_EXERCISE INSTRUCTIONS:_
Look for the line that has "Kit de boas" in the material below; please repeat it and every line after it, exactly, up to and including the line that has "Then select a", and nothing else.

_DATASET EXTRACT:_
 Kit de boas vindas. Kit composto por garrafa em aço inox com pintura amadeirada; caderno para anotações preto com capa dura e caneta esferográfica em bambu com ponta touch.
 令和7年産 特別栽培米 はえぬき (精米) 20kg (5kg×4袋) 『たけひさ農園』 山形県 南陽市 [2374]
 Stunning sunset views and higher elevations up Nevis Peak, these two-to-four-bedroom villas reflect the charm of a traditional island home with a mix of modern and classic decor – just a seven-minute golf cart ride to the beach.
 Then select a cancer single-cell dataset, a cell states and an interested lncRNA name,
==
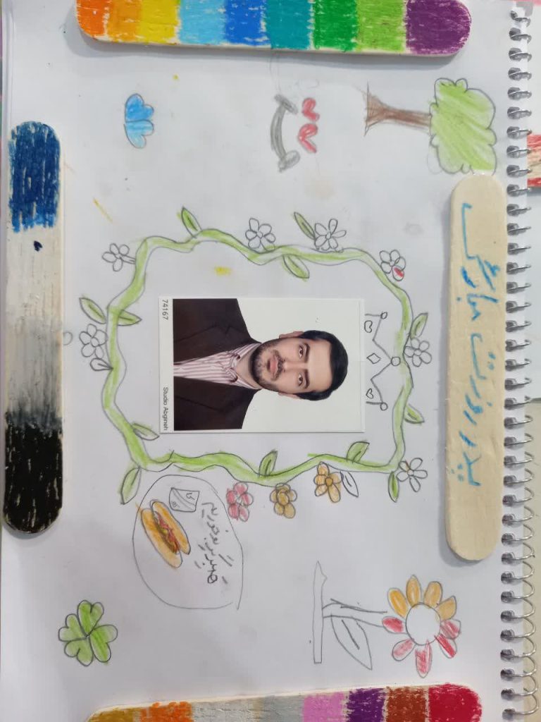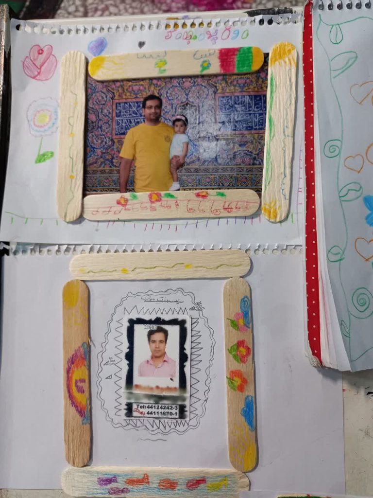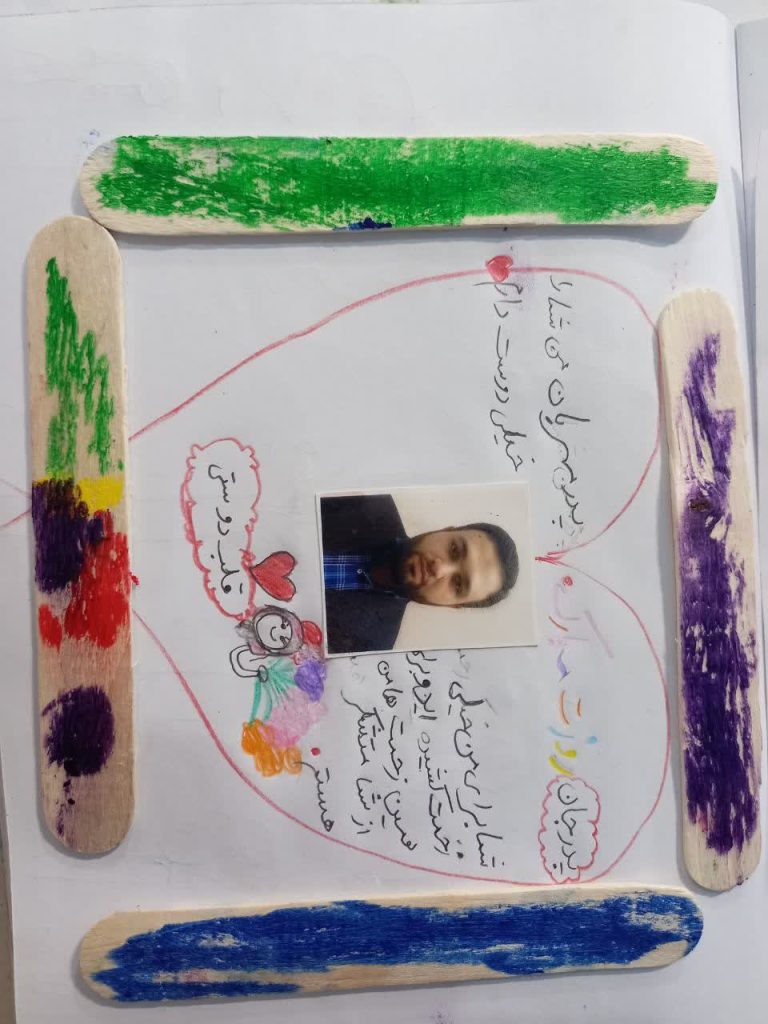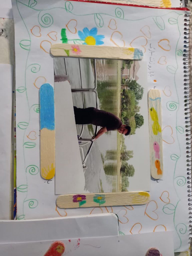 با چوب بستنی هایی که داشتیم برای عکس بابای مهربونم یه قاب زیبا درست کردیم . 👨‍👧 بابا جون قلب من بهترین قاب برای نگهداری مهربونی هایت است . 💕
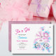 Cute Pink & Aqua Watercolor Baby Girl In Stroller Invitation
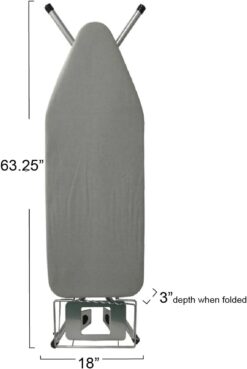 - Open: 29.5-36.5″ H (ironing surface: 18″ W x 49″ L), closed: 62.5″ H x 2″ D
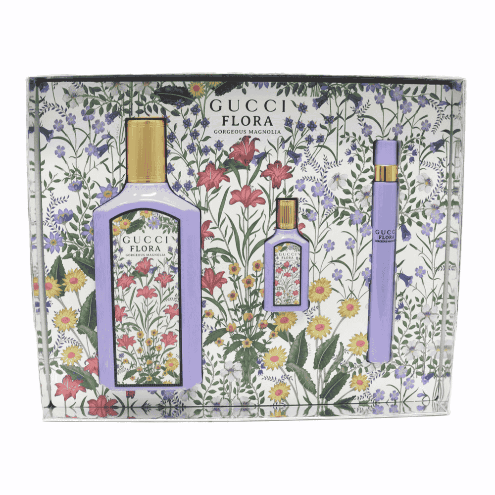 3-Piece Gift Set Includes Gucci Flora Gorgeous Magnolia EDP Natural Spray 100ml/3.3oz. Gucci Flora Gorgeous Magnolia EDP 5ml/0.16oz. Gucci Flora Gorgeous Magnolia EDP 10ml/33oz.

_OUTPUT OF THE TASK:_
 Kit de boas vindas. Kit composto por garrafa em aço inox com pintura amadeirada; caderno para anotações preto com capa dura e caneta esferográfica em bambu com ponta touch.
 令和7年産 特別栽培米 はえぬき (精米) 20kg (5kg×4袋) 『たけひさ農園』 山形県 南陽市 [2374]
 Stunning sunset views and higher elevations up Nevis Peak, these two-to-four-bedroom villas reflect the charm of a traditional island home with a mix of modern and classic decor – just a seven-minute golf cart ride to the beach.
 Then select a cancer single-cell dataset, a cell states and an interested lncRNA name,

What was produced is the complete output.